首先,您的代码不会写入任何文件来记录结果,因为您关闭您的作者或至少刷新 PrintWriter的即可。事实上,你也不会关闭你的读者。你真的应该关闭你的读者和作家以释放资源。值得深思。

您可以使 PB2Scan()方法返回现在的简单结果列表,或者返回包含相同Pal(或者两者)的结果列表,或者两者都返回记录简单结果列表,并在该列表的末尾列出包含相同Pal(也将记录)的acc列表。

PB2Scan()方法的一些额外代码和附加整数参数可以执行此操作。对于附加参数,您可能希望添加如下内容:

public static ArrayList<String> PB2Scan(ArrayList<String> Pal, int resultType) 
                                throws FileNotFoundException, IOException
{ .... }

整数 resultType 参数将采用0到2之间的三个整数值之一:

  • 0 - 现在代码的简单结果列表;
  • 1 - Acc匹配Pal的;
  • 2 - 简单的结果列表和在结果列表末尾匹配Pal的Acc。

您还应该将该文件作为 PB2Scan()方法的参数进行读取,因为下一次该文件很容易成为另一个名称。这使得该方法更加通用,而不是如果文件的名称是硬编码的。

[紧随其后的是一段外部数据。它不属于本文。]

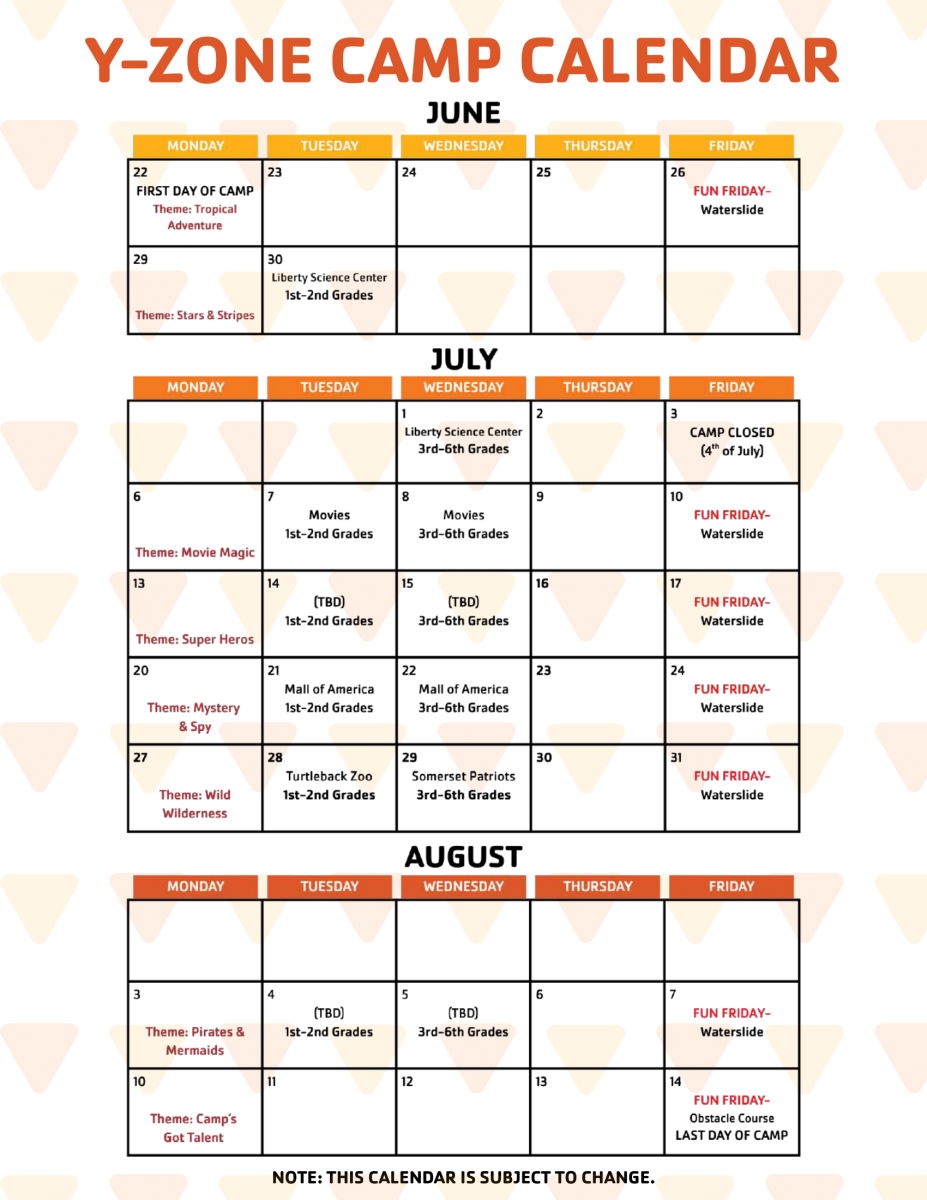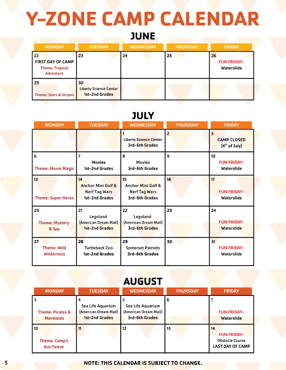 Please remember that the Y Zone Summer Camp is a strictly nut-free facility. This is not only a policy but a critical safety requirement, as several of our campers have severe allergies.

public static ArrayList<String> PB2Scan(String filePath, ArrayList<String> Pal, int resultType) 
                                throws FileNotFoundException, IOException { .... }

该方法总是可以编写相同的输出文件,因为它最适合它来自哪种方法。

使用上述概念而不是写入输出文件( PB2Out.txt ),因为正在创建 PalindromesSpotted ArrayList,我认为最好在你的文件之后编写文件ArrayList或ArrayLists已完成。要做到这一点,另一种方法( writeListToFile())最适合执行任务。要找出是否有任何相同的Pal与其他Acc匹配,再次使用另一种方法( getPalMatches())执行该任务也是个好主意。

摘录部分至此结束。